谈谈 happybase 的连接池

我们先来看下 happybase 连接池的使用:

import happybase
hbase_pool = happybase.ConnectionPool(host=conf['hbase']['host'], port=conf['hbase']['port'], size=100)
with hbase_pool.connection() as conn:
    # do sth

可以看到一开始通过指定 host 和 port 初始化了一个大小为 100 的 hbase 连接池。使用 with 关键词从池子里取出了一个连接,通过这个连接我们可以完成对 hbase 的 CRUD 操作。知道怎么使用是远远不够的,遇到一些复杂问题可能会无从下手,所以看了下 happybase 连接池的源码,了解了连接池是怎么对 hbase 的连接进行管理的。

class ConnectionPool(object):
    """
    Thread-safe connection pool.

    .. versionadded:: 0.5

    The `size` argument specifies how many connections this pool
    manages. Additional keyword arguments are passed unmodified to the
    :py:class:`happybase.Connection` constructor, with the exception of
    the `autoconnect` argument, since maintaining connections is the
    task of the pool.

    :param int size: the maximum number of concurrently open connections
    :param kwargs: keyword arguments passed to
                   :py:class:`happybase.Connection`
    """
    def __init__(self, size, **kwargs):
        if not isinstance(size, int):
            raise TypeError("Pool 'size' arg must be an integer")

        if not size > 0:
            raise ValueError("Pool 'size' arg must be greater than zero")

        logger.debug(
            "Initializing connection pool with %d connections", size)

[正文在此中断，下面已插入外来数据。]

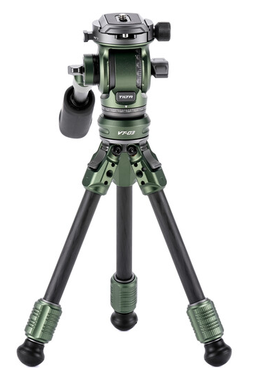 Stolová videohlava Tilta TT-VT03-FB-FG VT03 kombinuje nízku hmotnosť a prenosnosť s profesionálnou stabilitou. Jej telo z hliníka opracovaného na CNC strojoch a 10-vrstvové nohy z uhlíkových vlákien s diamantovým krížovým tkaním poskytujú pevnosť a nízku hmotnosť, vďaka čomu je ideálna pre bezzrkadlové fotoaparáty, digitálne zrkadlovky, vreckové kinematografické kamery a príslušenstvo. Stolný statív sa dá nastaviť na výšku od 6" do 13,7" a má tri polohy uhla nôh (22°, 55° a 82°) pre nerovné povrchy.
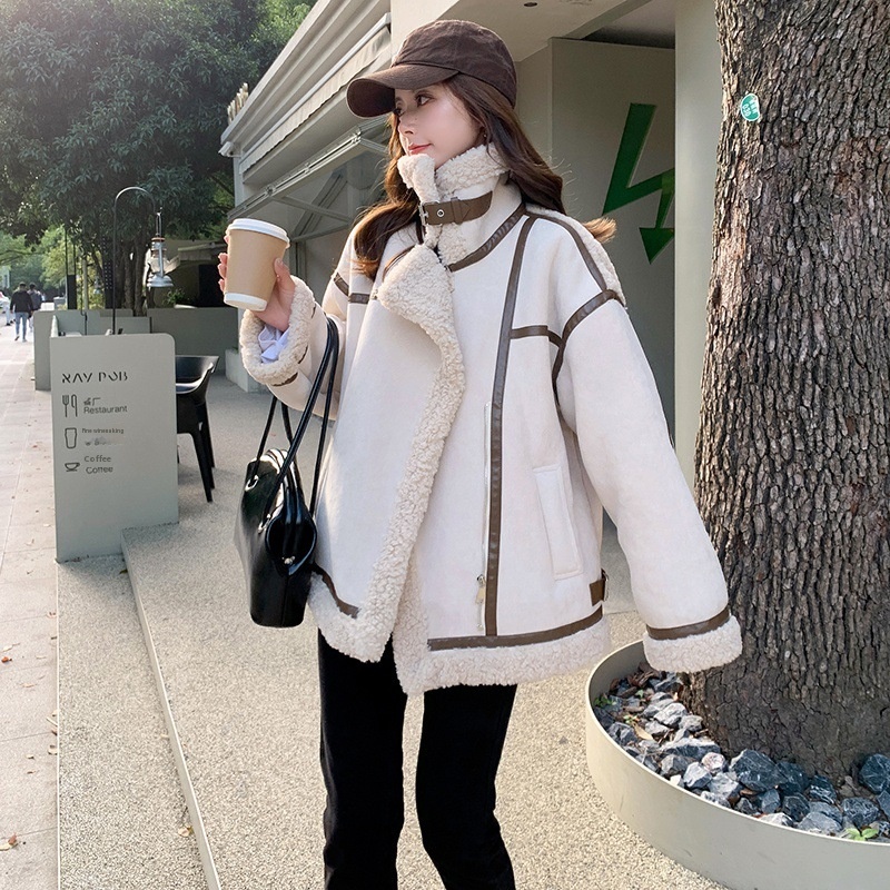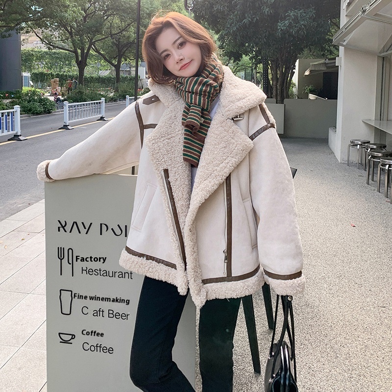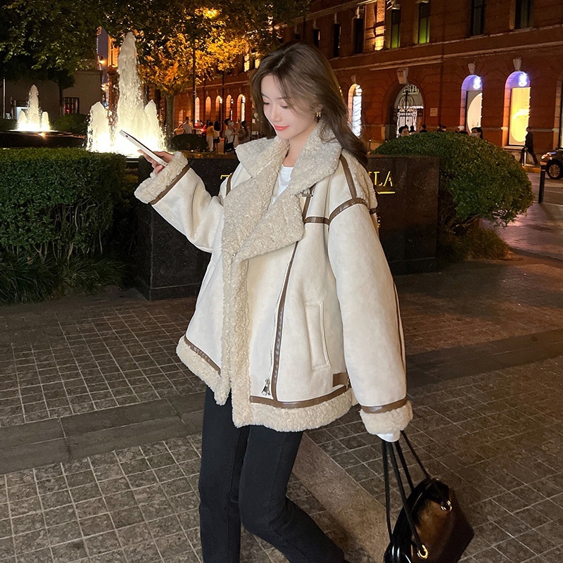 American Retro Splicing Lamb Fur Coat Fur Jacket Short Fashion Street Top

        self._lock = threading.Lock()
        self._queue = queue.LifoQueue(maxsize=size)
        self._thread_connections = threading.local()

        connection_kwargs = kwargs
        connection_kwargs['autoconnect'] = False

        for i in range(size):
            connection = Connection(**connection_kwargs)
            self._queue.put(connection)

        # The first connection is made immediately so that trivial
        # mistakes like unresolvable host names are raised immediately.
        # Subsequent connections are connected lazily.
        with self.connection():
            pass

    def _acquire_connection(self, timeout=None):
        """Acquire a connection from the pool."""
        try:
            return self._queue.get(True, timeout)
        except queue.Empty:
            raise NoConnectionsAvailable(
                "No connection available from pool within specified "
                "timeout")

    def _return_connection(self, connection):
        """Return a connection to the pool."""
        self._queue.put(connection)

    @contextlib.contextmanager
    def connection(self, timeout=None):
        """
        Obtain a connection from the pool.

        This method *must* be used as a context manager, i.e. with
        Python's ``with`` block. Example::

            with pool.connection() as connection:
                pass  # do something with the connection

        If `timeout` is specified, this is the number of seconds to wait
        for a connection to become available before
        :py:exc:`NoConnectionsAvailable` is raised. If omitted, this
        method waits forever for a connection to become available.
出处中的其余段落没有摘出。